Please output the data exactly, minus pictures.
- - -
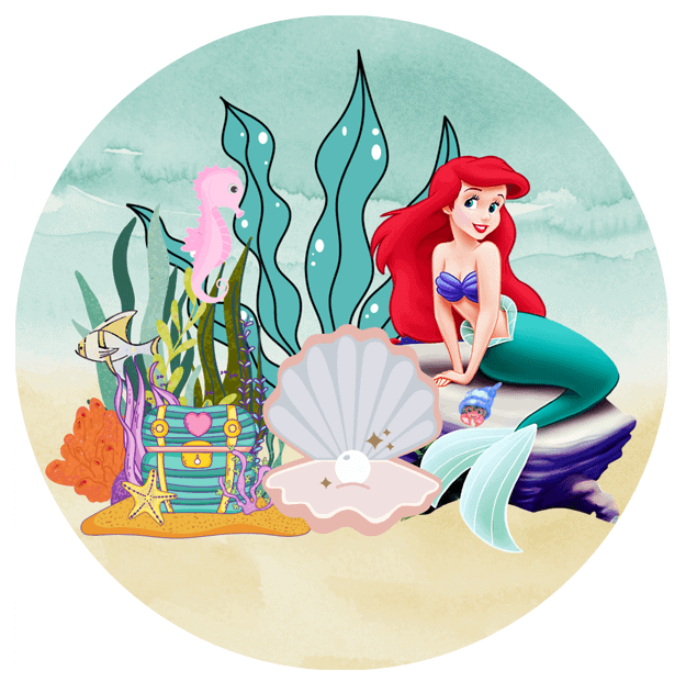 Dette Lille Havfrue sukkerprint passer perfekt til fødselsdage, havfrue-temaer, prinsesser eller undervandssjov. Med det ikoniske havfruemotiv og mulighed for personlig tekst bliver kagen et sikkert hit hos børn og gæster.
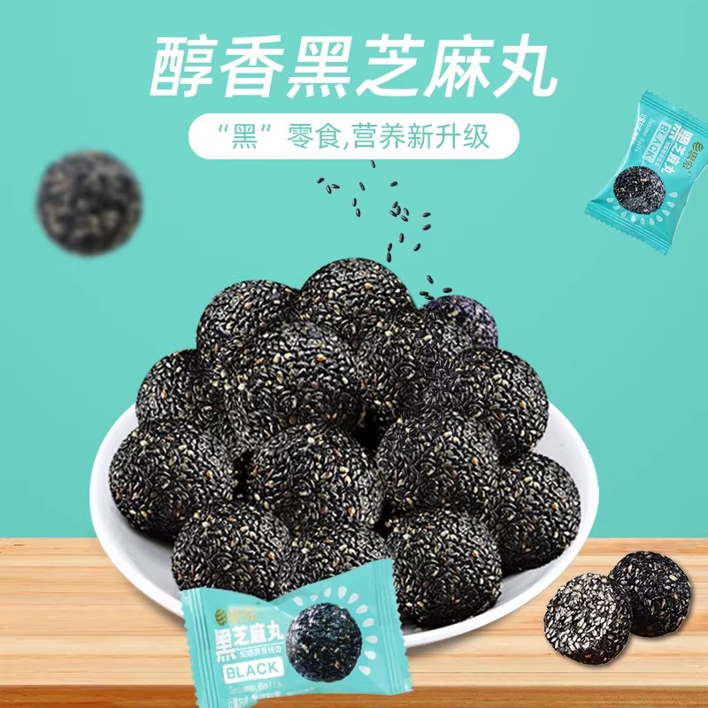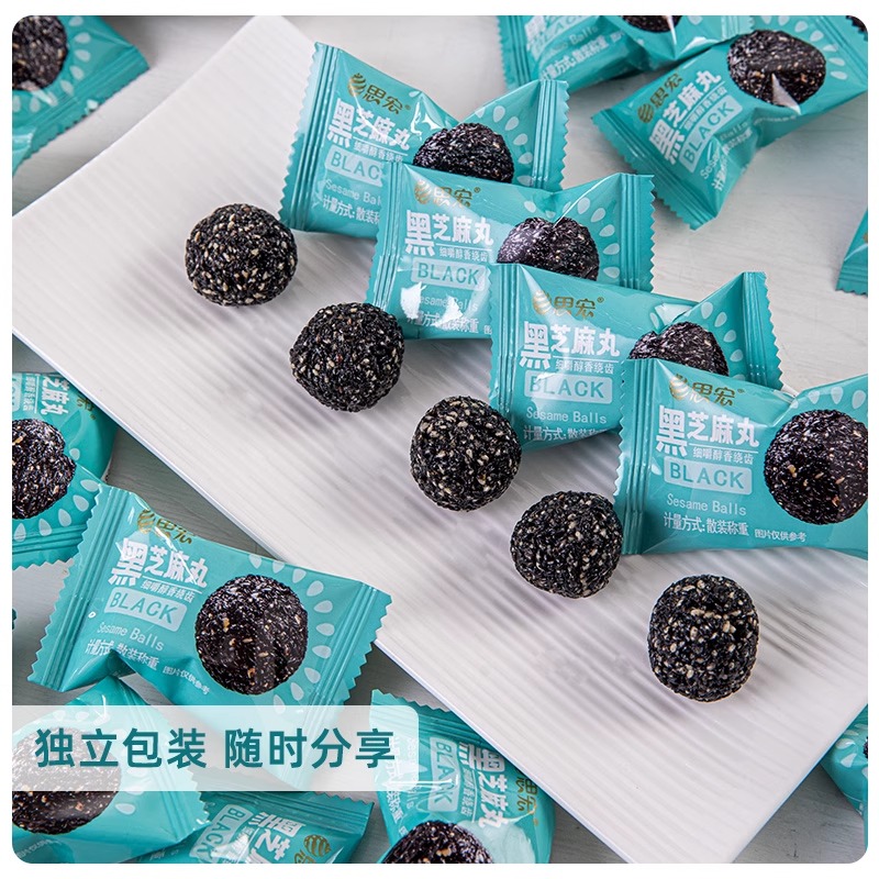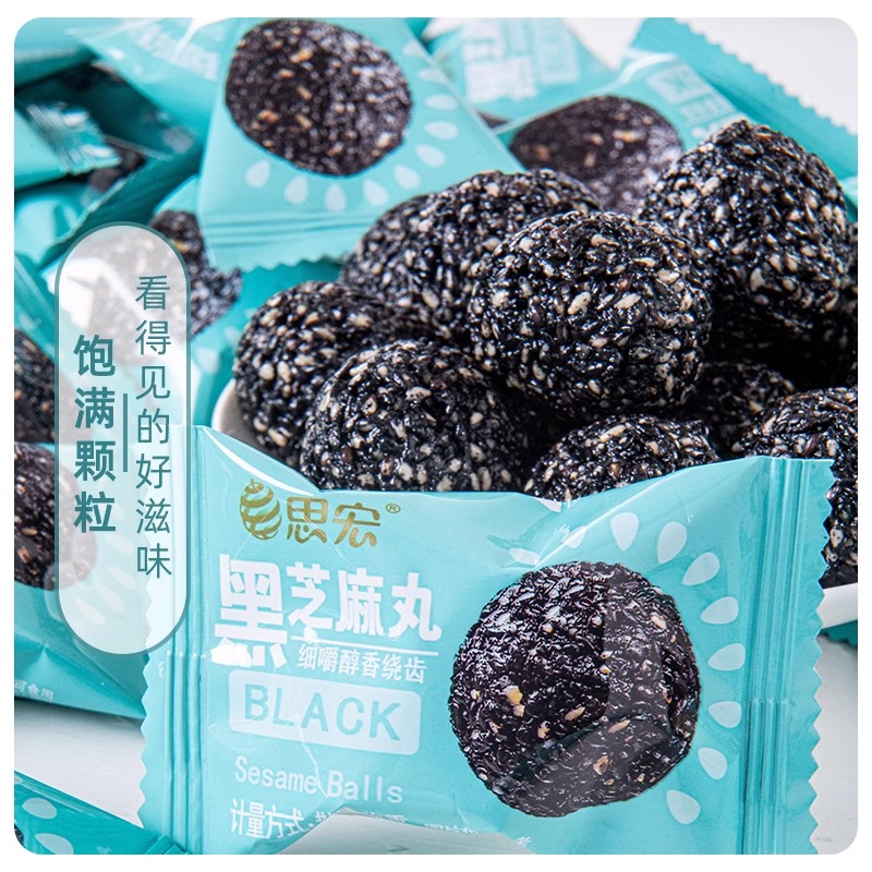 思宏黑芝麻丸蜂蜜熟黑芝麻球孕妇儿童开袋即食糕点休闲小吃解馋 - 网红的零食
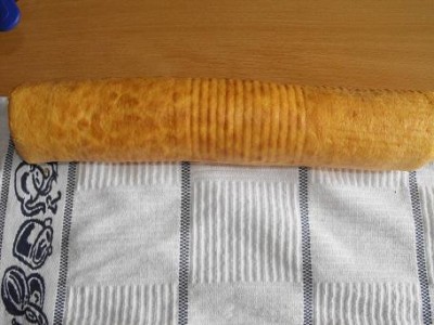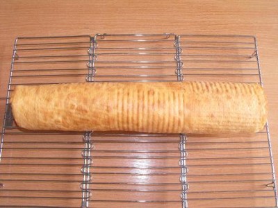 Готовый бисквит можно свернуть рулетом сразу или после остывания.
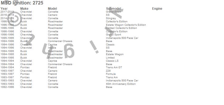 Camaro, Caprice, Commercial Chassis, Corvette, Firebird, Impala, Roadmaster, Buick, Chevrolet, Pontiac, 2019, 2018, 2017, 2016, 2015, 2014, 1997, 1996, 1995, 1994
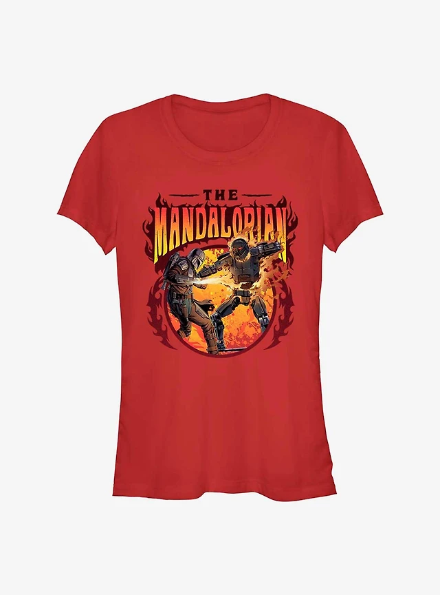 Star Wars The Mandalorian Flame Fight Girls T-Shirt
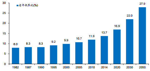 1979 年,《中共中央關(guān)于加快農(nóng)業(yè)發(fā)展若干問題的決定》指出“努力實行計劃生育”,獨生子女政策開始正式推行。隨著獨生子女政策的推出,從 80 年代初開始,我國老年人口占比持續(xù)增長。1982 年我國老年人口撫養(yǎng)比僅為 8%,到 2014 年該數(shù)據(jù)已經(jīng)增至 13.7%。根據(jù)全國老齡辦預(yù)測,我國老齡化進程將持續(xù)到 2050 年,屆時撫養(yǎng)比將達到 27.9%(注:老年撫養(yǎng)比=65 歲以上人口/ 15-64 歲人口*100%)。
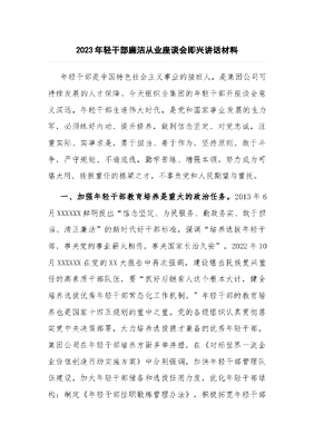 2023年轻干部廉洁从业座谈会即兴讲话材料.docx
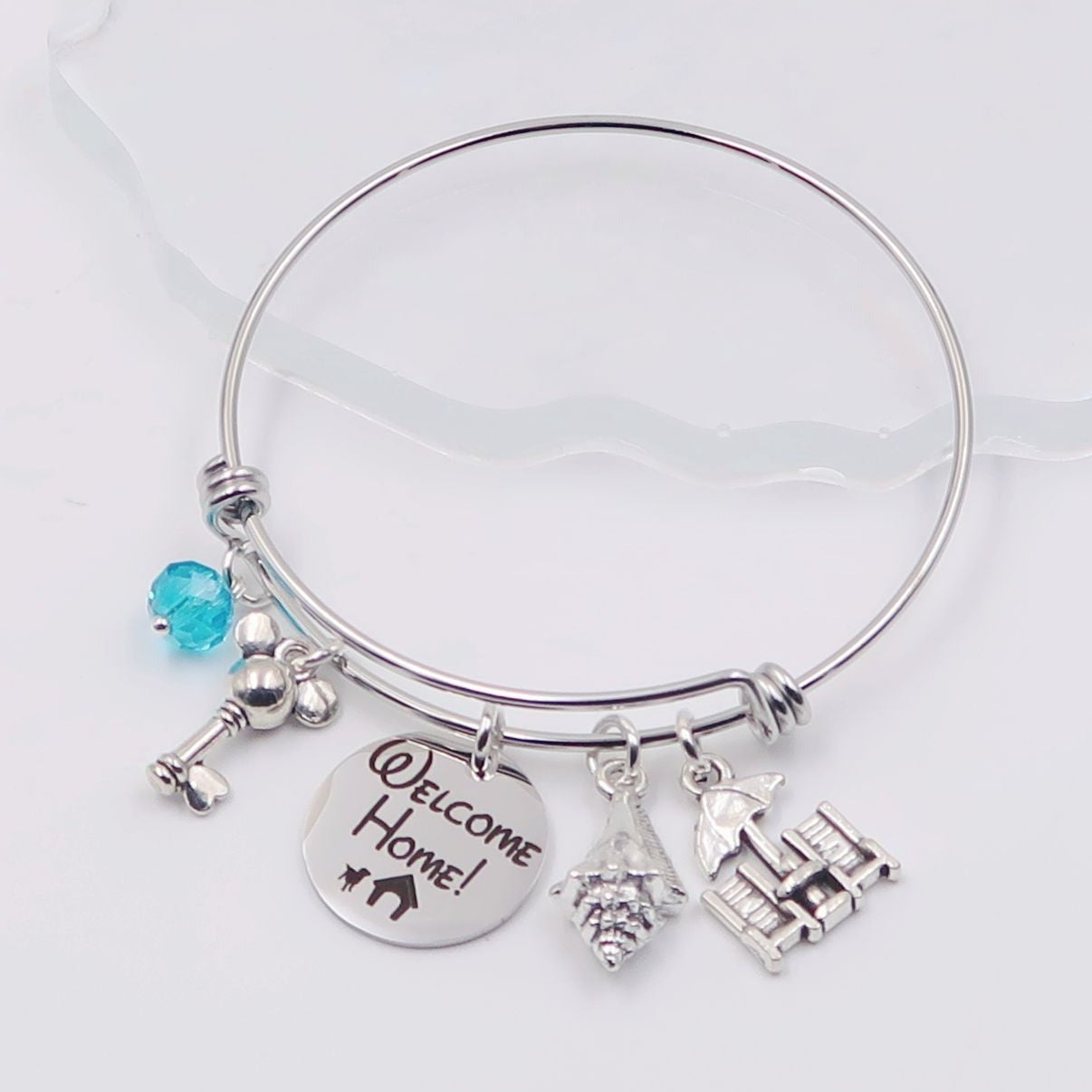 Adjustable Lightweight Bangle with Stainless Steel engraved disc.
- - -
Answer area:
 Dette Lille Havfrue sukkerprint passer perfekt til fødselsdage, havfrue-temaer, prinsesser eller undervandssjov. Med det ikoniske havfruemotiv og mulighed for personlig tekst bliver kagen et sikkert hit hos børn og gæster.
 思宏黑芝麻丸蜂蜜熟黑芝麻球孕妇儿童开袋即食糕点休闲小吃解馋 - 网红的零食
 Готовый бисквит можно свернуть рулетом сразу или после остывания.
 Camaro, Caprice, Commercial Chassis, Corvette, Firebird, Impala, Roadmaster, Buick, Chevrolet, Pontiac, 2019, 2018, 2017, 2016, 2015, 2014, 1997, 1996, 1995, 1994
 Star Wars The Mandalorian Flame Fight Girls T-Shirt
 1979 年,《中共中央關(guān)于加快農(nóng)業(yè)發(fā)展若干問題的決定》指出“努力實行計劃生育”,獨生子女政策開始正式推行。隨著獨生子女政策的推出,從 80 年代初開始,我國老年人口占比持續(xù)增長。1982 年我國老年人口撫養(yǎng)比僅為 8%,到 2014 年該數(shù)據(jù)已經(jīng)增至 13.7%。根據(jù)全國老齡辦預(yù)測,我國老齡化進程將持續(xù)到 2050 年,屆時撫養(yǎng)比將達到 27.9%(注:老年撫養(yǎng)比=65 歲以上人口/ 15-64 歲人口*100%)。
 2023年轻干部廉洁从业座谈会即兴讲话材料.docx
 Adjustable Lightweight Bangle with Stainless Steel engraved disc.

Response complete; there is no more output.